Lucky for us we can “nest” function calls. After all UNIQUE doesn’t know or care what happens to the data you pass it before it arrives, as long valid data gets passed in for it to do its thing. So inside UNIQUE will be a use of FILTER along with a cell range and a condition against that column D mentioned earlier:
=unique(filter('Raw Data'!A2:D5,'Raw Data'!D2:D5="Game"))
In case it may not be clear to anyone, let me explain this line bit-by-bit. These functions start from the inner most and work outward: filter comes first and only then does it fall back to unique. Filter is given the name of the tab with the data, called “Raw Data” which is passed the cell range with an exclamation point, as in ‘Raw Data’!D2:D200. Next a condition is passed in, this case a string consisting of the word “Game”.
To bring it all together, we’re bringing in the unique values on the “Raw Data” tab specifically the range D2:D200, and filtering those values based upon the the string Games. I don’t have any idea if I over- or under-explained that.
This is something you can try yourself in Google Sheets by the way with a completely blank Google Sheet: copy somewhere between 1 and all the rows of data on my “Raw Data” tab into the blank sheet and name that tab “Raw Data” (the space matters and I believe it is case sensitive). Then on a new tab (at the bottom) in the same sheet paste in the formula. You can add one function at a time or do the whole thing. I really hope this all made sense.
The above formula might seem a bit confusing since it has that same
line twice next to each other. Well there’s an easy remedy for this: named cell ranges.
All this really does is allow for referencing a defined set of cells by name instead of specifying the actual range.
On my shared spreadsheet I confusingly named my range RawData, and I haven’t bothered to try and rename it.
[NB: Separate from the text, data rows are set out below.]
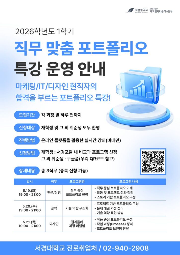 마케팅·IT·디자인 분야 현직자가 참여하는 ‘합격을 부르는 포트폴리오 특강’이 진행된다. 재학생은 물론 취업을 준비 중인 누구나 참여할 수 있으며, 직무별 포트폴리오 완성도를 높이고 싶은 이들에게 열려 있다.
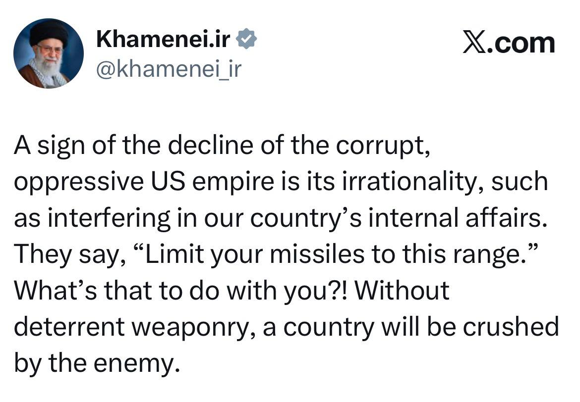 Признаком упадка коррумпированной, деспотичной американской империи является её иррациональность, например, вмешательство во внутренние дела нашей страны. Они говорят: «Ограничьте дальность действия ваших ракет этой дальностью». Какое вам до этого дело?! Без сдерживающего оружия страна будет раздавлена врагом.
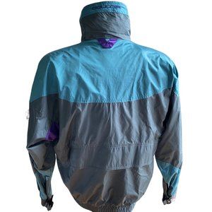 Vtg Couloir Mens Hooded Windbreaker Jacket Sz 40 Green Entrant Nylon Colorblock
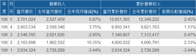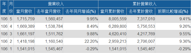 而從營收方面來看的話,國巨近兩個月的營收與去年同期相比都有所上升,尤其是5月份,其營收與去年同期相比更是上漲了6.87%!截至目前的前五個月營收累計與去年同期相比也上漲了2.45%!
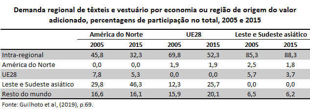 Embora a China, em geral, seja o país responsável pela maior parte desse valor adicionado estrangeiro, perde para algumas economias do bloco UE28, como a Irlanda, República Tcheca, Letônia, Grécia, Lituânia, Luxemburgo e Portugal. Aliás, a participação intrarregional na Europa continua alta, mas diminuiu de 70% para 52%, neste setor de 2005 para 2015. Porém, no Leste e Sudeste Asiático a demanda intrarregional de têxteis e vestuário está próxima dos 90%.
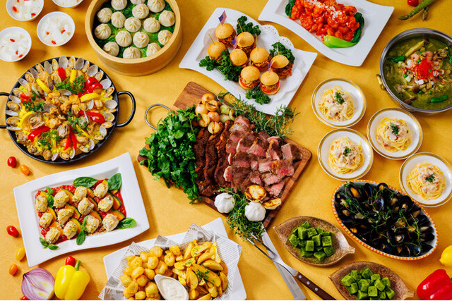 シーフードグリーンカレー(タイ)/小籠包(中国)/海老とイカのチリソース(中国)/ジャンボオムレツの牛肉の赤ワイン煮込みソース(フランス)/米沢牛とマッシュポテトのムサカ風グラタン(ギリシャ)/白身魚の香草パン粉焼き トマトとバジルのソース(イタリア)/チキンとアサリのパエリア(スペイン)/フィッシュ&チップス タルタル添え(イギリス)/ムール・ナチュール(ベルギー)/プルドポークのミニバーガー(アメリカ)
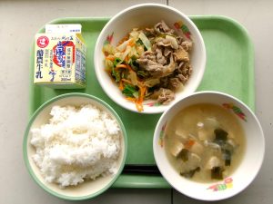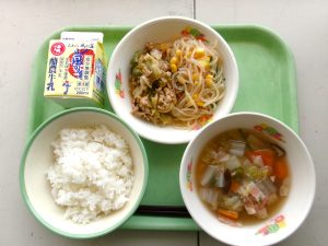 ごはん、牛乳、豚肉とたけのこの炒め物、じゃがいものみそ汁、三色和え

So the range of all my game-related columns, except the column headers, can be referenced as RawData rather than the more cumbersome Raw Data’!A2:P2000.
To name a range on your Raw Data tab, you would select a range of of data, say A2 through P5: the entirety of your actual raw data in other words. Then go the Data menu and select Named Ranges. A settings column will slide out from the right side with the range you selected already filled in for you. In my case I named it RawData like I said, you can use any name you want (and adjust examples below). My columns happen to go all the way to at A2 amd go through P, so to try and future-proof I often span down to row 2000 (the “RawData” named range is A2:P2000, in other words).
So my final, relatively simple formula on this first tab tailored to filter down my Steam game data comes out to:
=UNIQUE(filter(RawData,'Raw Data'!D2:D2000 ="Game"))
This was originally just going to be one post about my Steam library spreadsheet. But now that I have introduce the basics of the why and some of the how I think I’ll split the rest into a part 2.